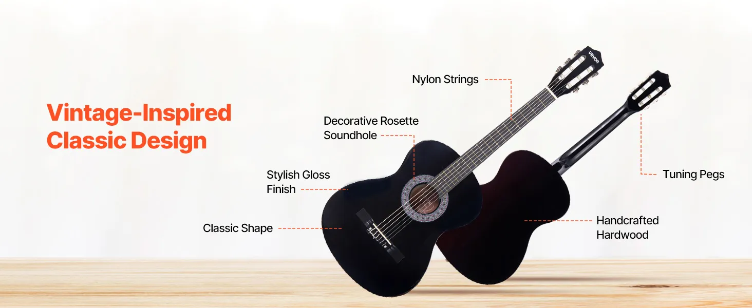 Táto klasická gitara, určená pre začiatočníkov a mladých hudobníkov, kombinuje ručne vyrobenú kvalitu s praktickými funkciami. Vďaka zadnej strane z masívneho dreva, nylonovým strunám a ladičke je hranie a ladenie hračkou. S gig bagom a ďalšími doplnkami obsahuje táto súprava všetko, čo potrebujete na začiatok svojej hudobnej cesty.
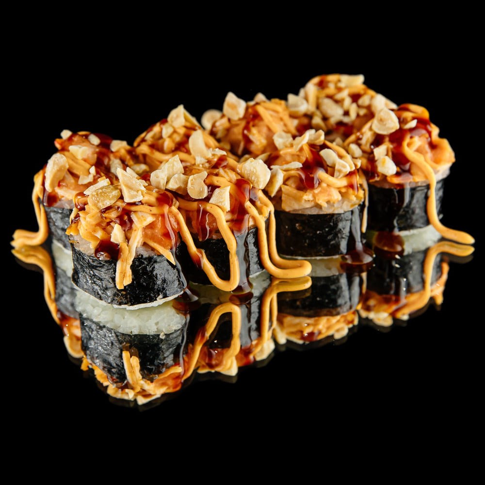 Рис черный, нори, сыр творожный, огурец, краб, лосось, шичими, соус спайси, унаги, арахис
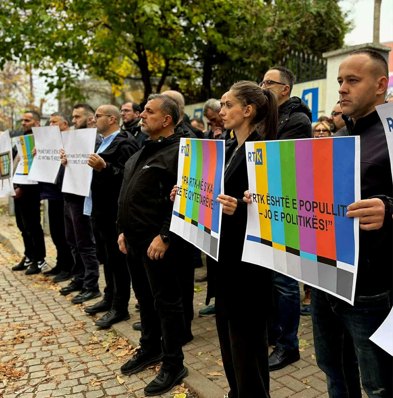 Sindikata e Punëtorëve të Radio Televizionit të Kosovës (SPERTK) protestoi para hyrjes së Radio Televizionit Publik për shkak të vonesave në pagesat e punonjësve.
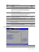 Table 4 Advanced menu fields Field Description CPU Configuration You can use this screen to select options for the CPU Configuration Settings. Use the up and down keys to select an item. Use the and keys to change the value of the selected option. A description of the selected item appears on the right side of the screen. The settings are described on the following pages. IDE Configuration You can use this screen to select options for the IDE Configuration Settings.
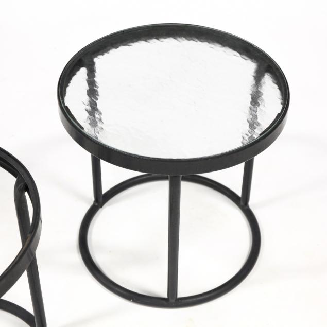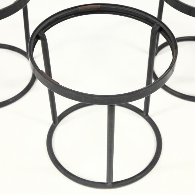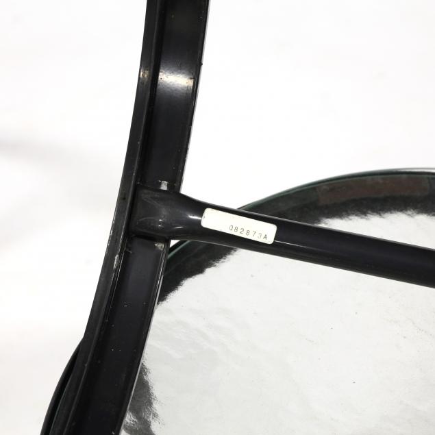 From the Collection of Peggy W. Hollander, Martinsville, VA Upholstery in fair to poor condition with fraying, stains and signs of outdoor use; scuffs and paint loss to frames; missing one glass top.
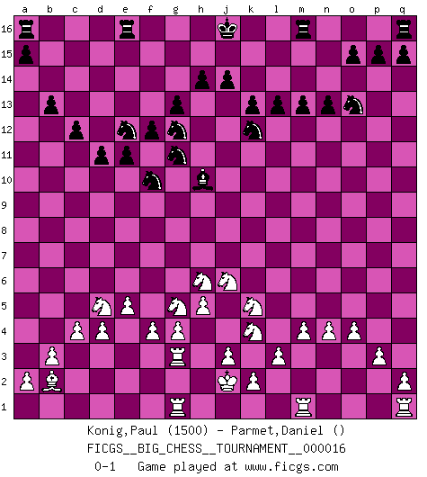 Last move : 0-1 2008 May 5 21:13:32 [Event "FICGS__BIG_CHESS__TOURNAMENT__000016"] [Site "FICGS"] [Date "2007.12.20"] [Round "1"] [White "Konig,Paul"] [Black "Parmet,Daniel"] [Result "0-1"] [WhiteElo "1500"] [BlackElo ""] 1.g2-g4 b15-b14 2.f2-f4 c16-b15 3.p1-o3 e15-e13 4.e2-e4 c15-c13 5.p2-p3 m15-m13 6.d2-d4 l16-o13 7.o1-p2 f15-f13 8.c2-c4 g15-g13 9.b2-b3 d15-d13 10.c1-b2 d13-d12 11.m2-m4 n15-n13 12.b1-c3 e13-e12 13.f1-d3 e12-e11 14.o3-n1 b15-p2 15.n1-p2 f16-d14 16.g1-f3 o16-h10 17.h1-f1 h16-e13 18.l1-o4 h10-o4 19.p2-o4 e13-l7 20.l2-l3 l7-n9 21.n2-n3 l15-l13 22.f1-g1 p16-n15 23.g1-g3 d14-l7 24.h3-h4 h15-j13 25.o4-m5 l7-h10 26.h4-h5 n9-m9 27.j2-k4 j13-g12 28.n3-n4 b16-d15 29.f3-g5 d15-e13 30.e1-e3 e13-d11 31.o2-o4 d11-f10 32.h2-j4 f13-f12 33.j1-j2 g16-f14 34.g5-j6 j15-h13 35.m5-l7 m9-n9 36.l7-k5 n9-g3 37.e3-g3 k16-l14 38.a1-g1 l14-k12 39.e4-e5 h13-g11 40.d3-o13 n15-o13 41.c3-d5 f14-e12 42.k1-h2 b14-b13 43.h2-f3 c13-c12 44.f3-g5 d12-d11 45.j4-h6 k15-k13 0-1 This big chess game has been lost on time (started : 2007.12.20 15:3:49) Follow this game move after move (download)I'm not a materialistic person, in that, I don't suffer the lack or loss of money. The absence of worldly goods I don't look back on. For Chess is a way I can be as materialistic as I want without having to sell my soul. (Jamie Walter Adams) Die meiste Zeit treffe ich auf Gegner, die meine Enkel sein könnten. Ich bin da, um ihnen zu zeigen, dass sie von mir noch einiges lernen können. (Viktor Kortschnoi) Estaba muy claro de que el punto vulnerable del Gran Maestro Americano (Bobby Fischer) radicaba en las posiciones de doble filo, colgantes, irracionales, donde el siempre falló en encontrar un triunfo aún en una posición de clara victoria. (Efim Geller) Ce qui est bien, c'est d'avoir tout un tas de pièces en prise : l'adversaire ne peut en prendre qu'une à la fois. Cité par Thierry Audin. The real danger is not that computers will begin to think like men, but that men will begin to think like computers. (Sydney J. Harris)
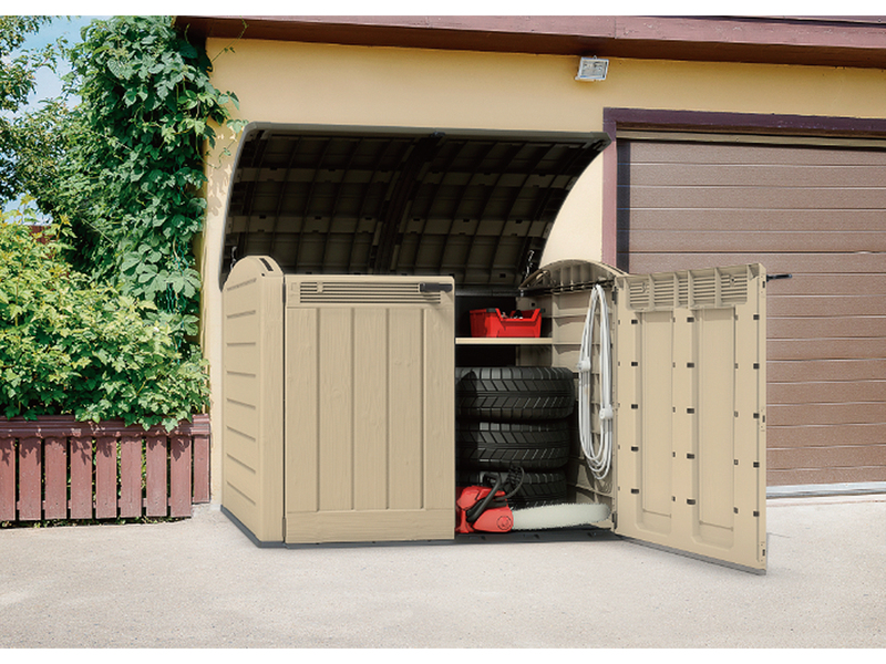 tároló kitűnő megoldás különböző kerti eszközök, tartozékok és szerszámok,
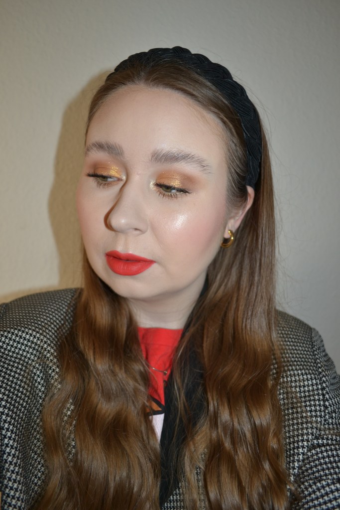 Here’s the make-up I wore with this outfit. I don’t know what came over me at this time, but I wore another golden eye look. This time I used the Natasha Denona Gold palette, which seemed like an obvious choice for a golden eye look.
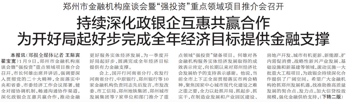 1月9日,郑州市金融机构座谈会暨“强投资”重点领域项目推介会召开,市长何雄出席并讲话,强调要深入贯彻党的二十大精神,全面落实中央和省委、市委经济工作会议部署,健全对接协调机制,畅通沟通协作渠道,深化政银企互惠共赢合作,推动金融更好服务实体经济发展,为一季度开好局起好步、圆满完成全年经济目标提供有力金融支撑。(今日《郑州日报》1版、2版)
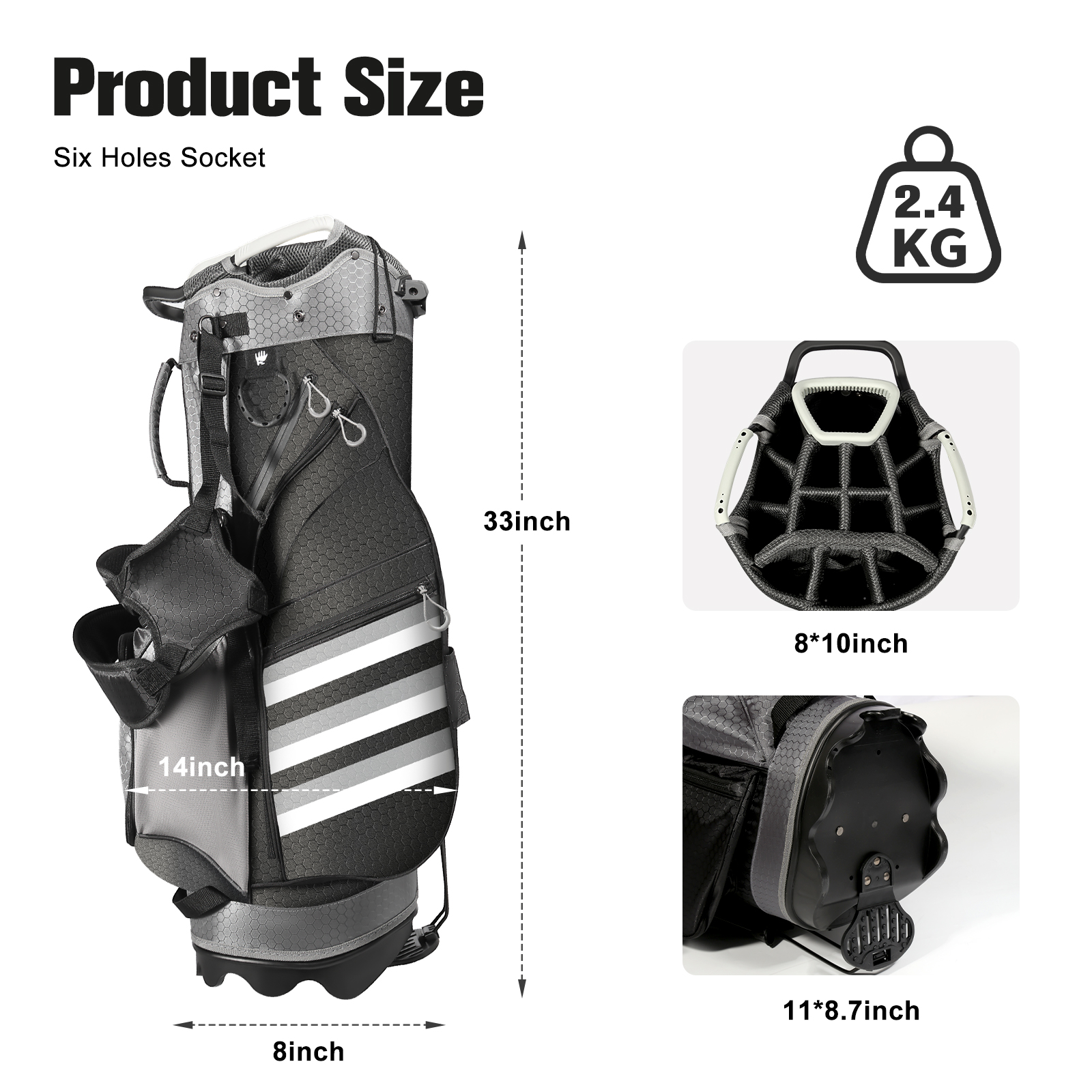 - Dimensions: 8” L x 33” H (fits all standard clubs)

□ □ □ □ □

INSTRUCTIONS FOR THE TASK:
A faithful copy of every entry is needed, omitting each image.

RESPONSE AREA:
 Táto klasická gitara, určená pre začiatočníkov a mladých hudobníkov, kombinuje ručne vyrobenú kvalitu s praktickými funkciami. Vďaka zadnej strane z masívneho dreva, nylonovým strunám a ladičke je hranie a ladenie hračkou. S gig bagom a ďalšími doplnkami obsahuje táto súprava všetko, čo potrebujete na začiatok svojej hudobnej cesty.
 Рис черный, нори, сыр творожный, огурец, краб, лосось, шичими, соус спайси, унаги, арахис
 Sindikata e Punëtorëve të Radio Televizionit të Kosovës (SPERTK) protestoi para hyrjes së Radio Televizionit Publik për shkak të vonesave në pagesat e punonjësve.
 Table 4 Advanced menu fields Field Description CPU Configuration You can use this screen to select options for the CPU Configuration Settings. Use the up and down keys to select an item. Use the and keys to change the value of the selected option. A description of the selected item appears on the right side of the screen. The settings are described on the following pages. IDE Configuration You can use this screen to select options for the IDE Configuration Settings.
 From the Collection of Peggy W. Hollander, Martinsville, VA Upholstery in fair to poor condition with fraying, stains and signs of outdoor use; scuffs and paint loss to frames; missing one glass top.
 Last move : 0-1 2008 May 5 21:13:32 [Event "FICGS__BIG_CHESS__TOURNAMENT__000016"] [Site "FICGS"] [Date "2007.12.20"] [Round "1"] [White "Konig,Paul"] [Black "Parmet,Daniel"] [Result "0-1"] [WhiteElo "1500"] [BlackElo ""] 1.g2-g4 b15-b14 2.f2-f4 c16-b15 3.p1-o3 e15-e13 4.e2-e4 c15-c13 5.p2-p3 m15-m13 6.d2-d4 l16-o13 7.o1-p2 f15-f13 8.c2-c4 g15-g13 9.b2-b3 d15-d13 10.c1-b2 d13-d12 11.m2-m4 n15-n13 12.b1-c3 e13-e12 13.f1-d3 e12-e11 14.o3-n1 b15-p2 15.n1-p2 f16-d14 16.g1-f3 o16-h10 17.h1-f1 h16-e13 18.l1-o4 h10-o4 19.p2-o4 e13-l7 20.l2-l3 l7-n9 21.n2-n3 l15-l13 22.f1-g1 p16-n15 23.g1-g3 d14-l7 24.h3-h4 h15-j13 25.o4-m5 l7-h10 26.h4-h5 n9-m9 27.j2-k4 j13-g12 28.n3-n4 b16-d15 29.f3-g5 d15-e13 30.e1-e3 e13-d11 31.o2-o4 d11-f10 32.h2-j4 f13-f12 33.j1-j2 g16-f14 34.g5-j6 j15-h13 35.m5-l7 m9-n9 36.l7-k5 n9-g3 37.e3-g3 k16-l14 38.a1-g1 l14-k12 39.e4-e5 h13-g11 40.d3-o13 n15-o13 41.c3-d5 f14-e12 42.k1-h2 b14-b13 43.h2-f3 c13-c12 44.f3-g5 d12-d11 45.j4-h6 k15-k13 0-1 This big chess game has been lost on time (started : 2007.12.20 15:3:49) Follow this game move after move (download)I'm not a materialistic person, in that, I don't suffer the lack or loss of money. The absence of worldly goods I don't look back on. For Chess is a way I can be as materialistic as I want without having to sell my soul. (Jamie Walter Adams) Die meiste Zeit treffe ich auf Gegner, die meine Enkel sein könnten. Ich bin da, um ihnen zu zeigen, dass sie von mir noch einiges lernen können. (Viktor Kortschnoi) Estaba muy claro de que el punto vulnerable del Gran Maestro Americano (Bobby Fischer) radicaba en las posiciones de doble filo, colgantes, irracionales, donde el siempre falló en encontrar un triunfo aún en una posición de clara victoria. (Efim Geller) Ce qui est bien, c'est d'avoir tout un tas de pièces en prise : l'adversaire ne peut en prendre qu'une à la fois. Cité par Thierry Audin. The real danger is not that computers will begin to think like men, but that men will begin to think like computers. (Sydney J. Harris)
 tároló kitűnő megoldás különböző kerti eszközök, tartozékok és szerszámok,
 Here’s the make-up I wore with this outfit. I don’t know what came over me at this time, but I wore another golden eye look. This time I used the Natasha Denona Gold palette, which seemed like an obvious choice for a golden eye look.
 1月9日,郑州市金融机构座谈会暨“强投资”重点领域项目推介会召开,市长何雄出席并讲话,强调要深入贯彻党的二十大精神,全面落实中央和省委、市委经济工作会议部署,健全对接协调机制,畅通沟通协作渠道,深化政银企互惠共赢合作,推动金融更好服务实体经济发展,为一季度开好局起好步、圆满完成全年经济目标提供有力金融支撑。(今日《郑州日报》1版、2版)
 - Dimensions: 8” L x 33” H (fits all standard clubs)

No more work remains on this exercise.